▶ [Information shown]:
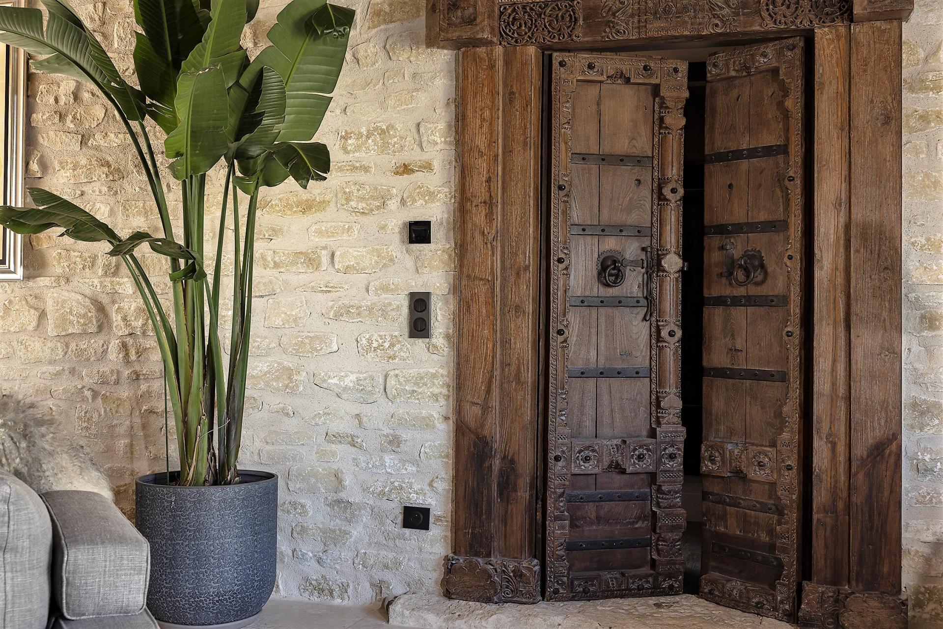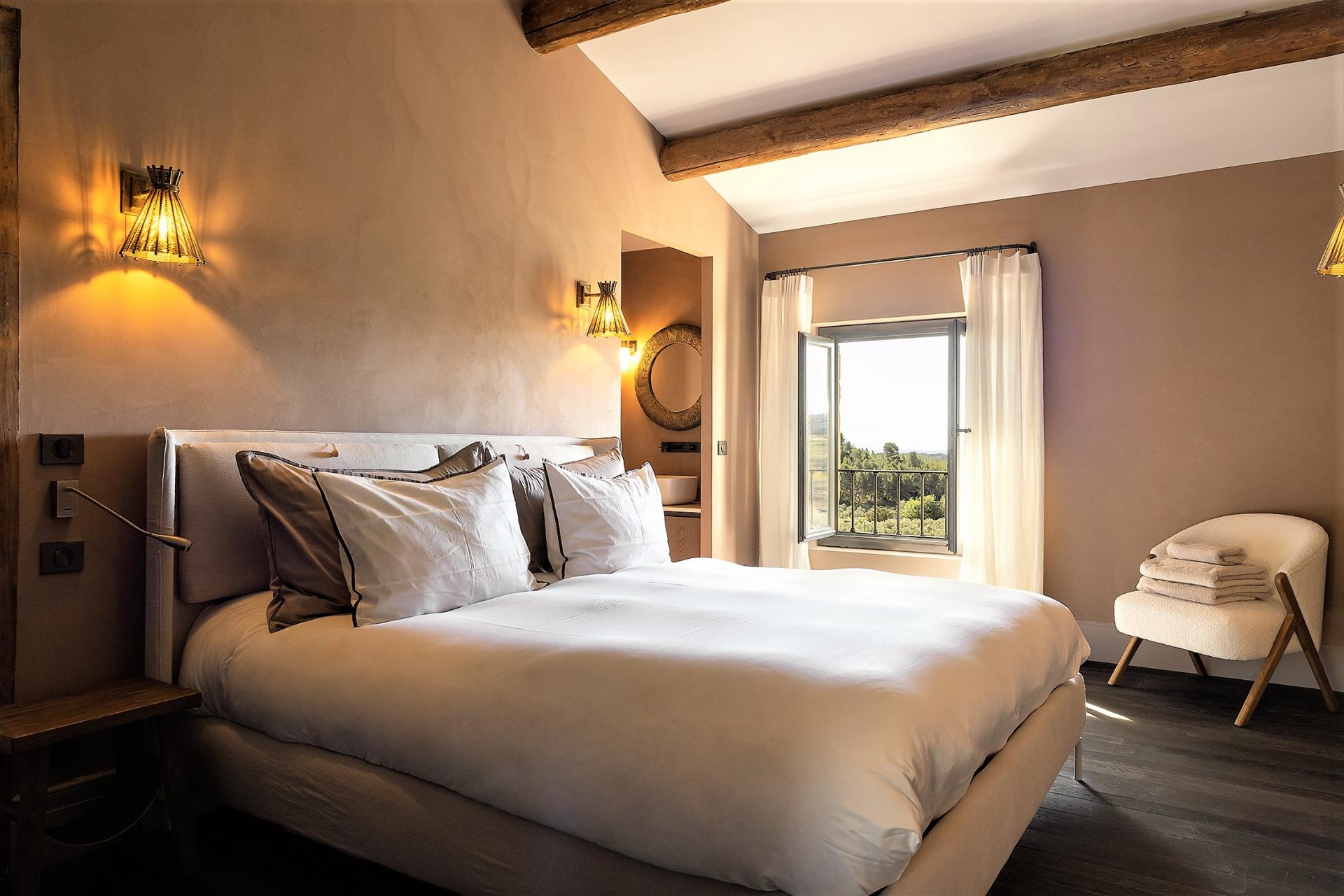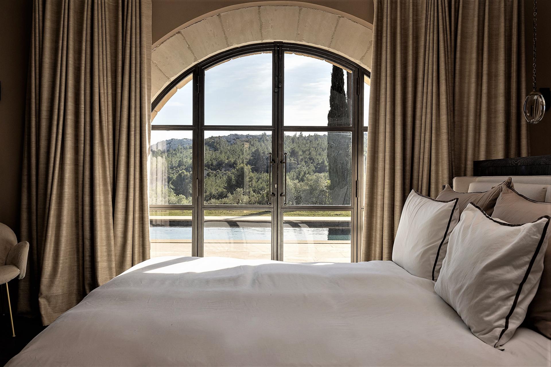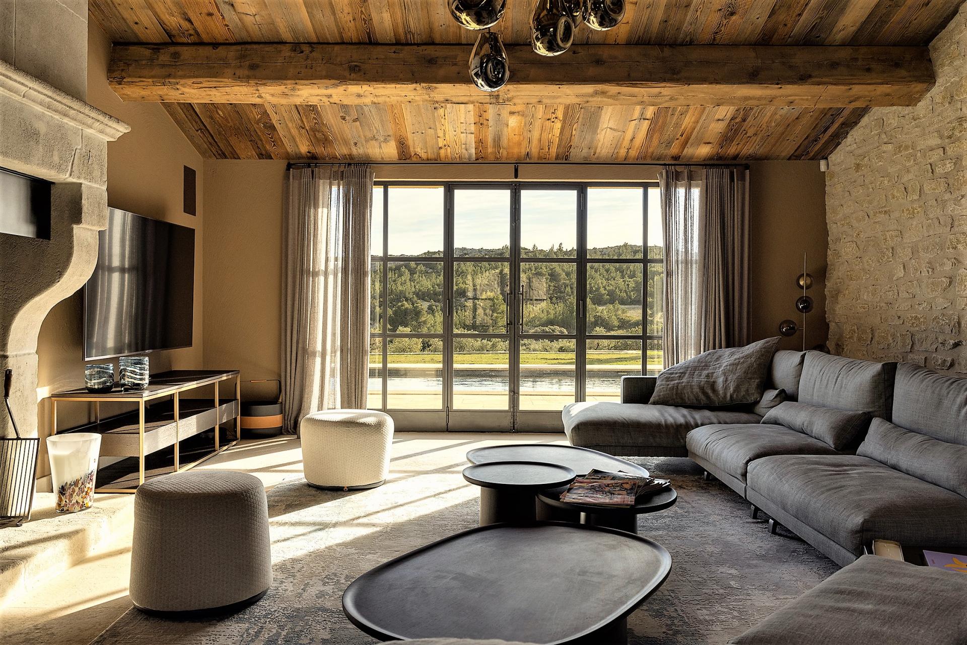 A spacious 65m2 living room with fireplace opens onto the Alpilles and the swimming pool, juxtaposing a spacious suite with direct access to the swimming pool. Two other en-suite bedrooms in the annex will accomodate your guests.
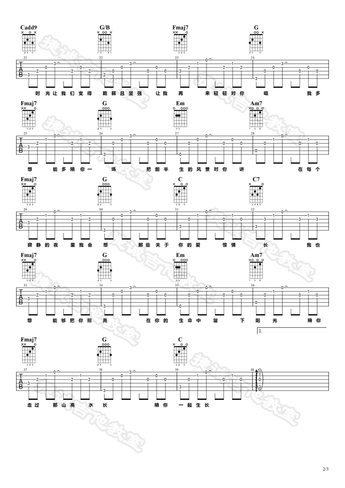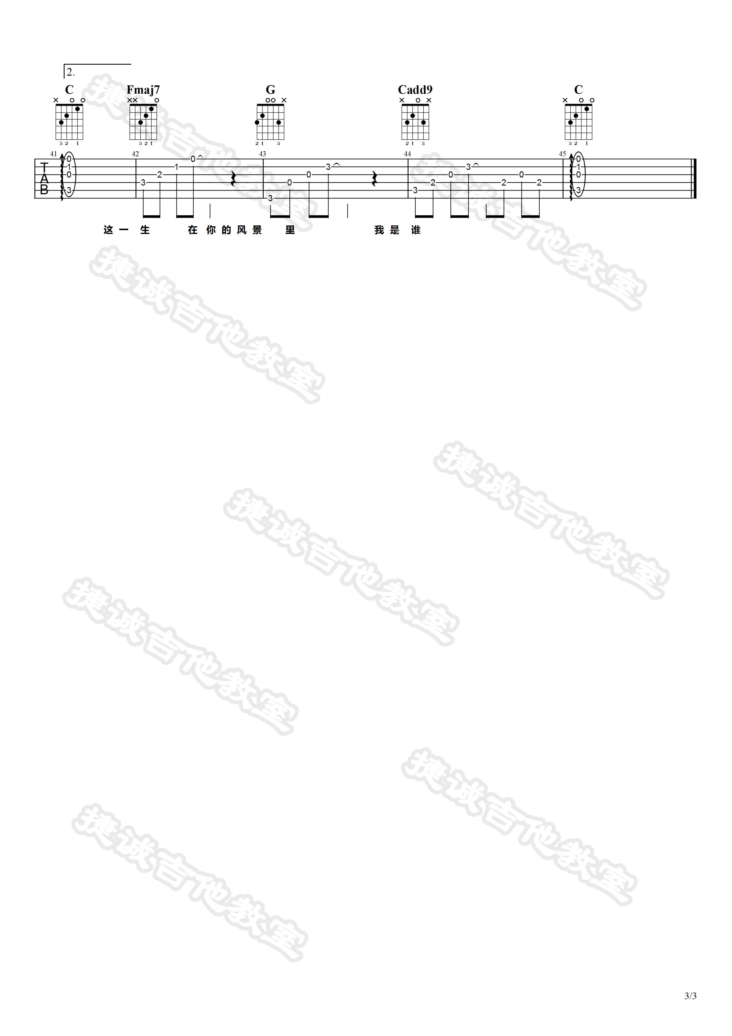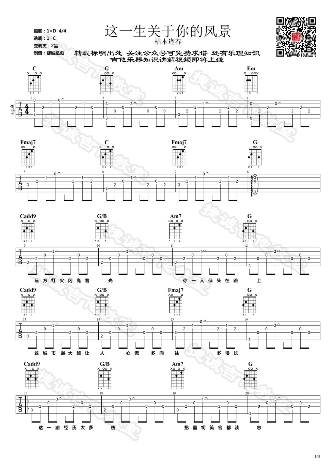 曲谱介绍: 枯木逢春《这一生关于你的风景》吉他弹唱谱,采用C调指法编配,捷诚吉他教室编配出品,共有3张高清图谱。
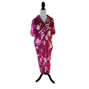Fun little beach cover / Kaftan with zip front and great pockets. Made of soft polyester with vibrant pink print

▶ [Exercise goal]:
Print the data above verbatim from the first line through the line holding "曲谱介绍: 枯木逢春《这一生", leaving every picture out.

▶ [The answer]:
 A spacious 65m2 living room with fireplace opens onto the Alpilles and the swimming pool, juxtaposing a spacious suite with direct access to the swimming pool. Two other en-suite bedrooms in the annex will accomodate your guests.
 曲谱介绍: 枯木逢春《这一生关于你的风景》吉他弹唱谱,采用C调指法编配,捷诚吉他教室编配出品,共有3张高清图谱。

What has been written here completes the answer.